Rebuttal time: Fire Planeteers retort that high-tech scrubbing tools keep their chemical emissions well under EPA air quality standards. Earth Planeteers counter that the methane from landfills can be collected as biogas and burned for power, too. Both sides then say the other’s methods aren’t good enough, and meanwhile troubling emissions still leak through. And on it goes.

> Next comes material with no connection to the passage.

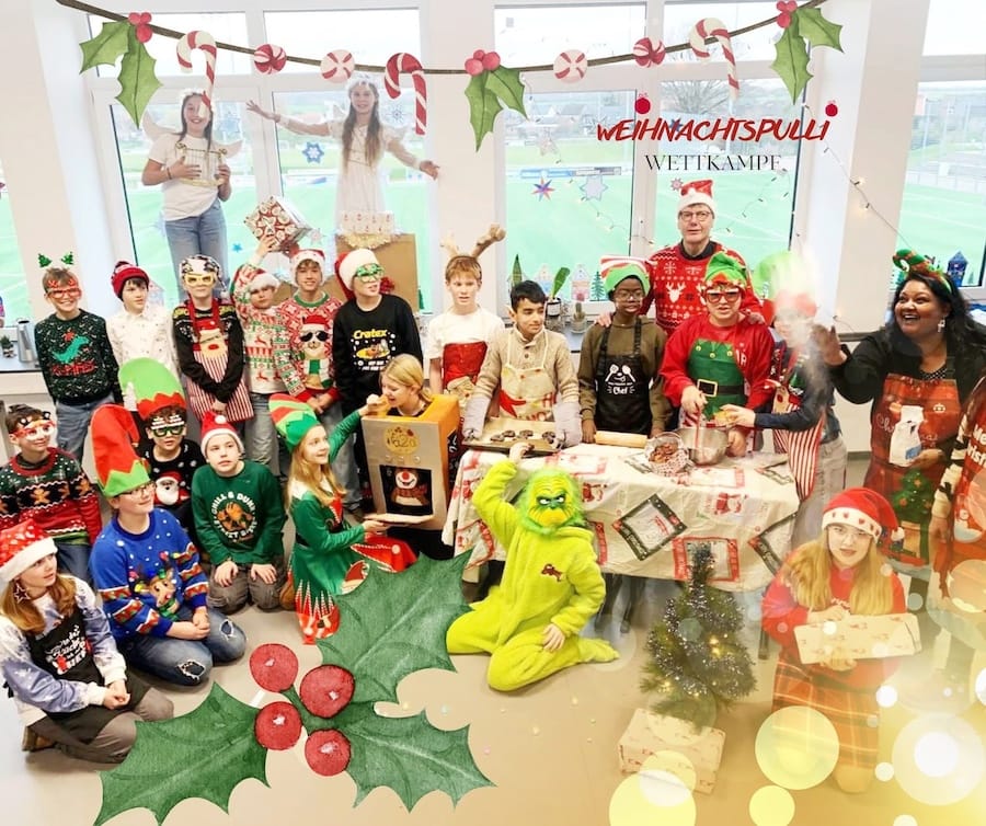 Für den Wettbewerb entwickeln die Kinder originelle Weihnachtsideen und - Kostüme und stellen sich einer Jury. Die besten Klassenkostüme werden mit einer Dönerlieferung in die Schule belohnt. Die Aktion wird durchgeführt und finanziert durch den Förderverein der Gesamtschule.

My take, Wilburforce? There’s no perfect solution to plastic disposal, so what we really should be doing is creating and using less plastic — especially the types that can’t be recycled easily. On an individual basis, this means steps such as buying in bulk, using reusable containers for everything, and shopping secondhand (find more zero-waste tips here). More broadly, we need to urge manufacturers to stop using throwaway plastic packaging — write your favorites and tell them so (see, there’s always something you can do!). I’m hopeful that one day, we’ll reach a point where consumer materials are reused and recycled ad infinitum. Until that day, don’t forget your coffee mug, reusable takeout container, party glasses, menstrual cups … and on it goes.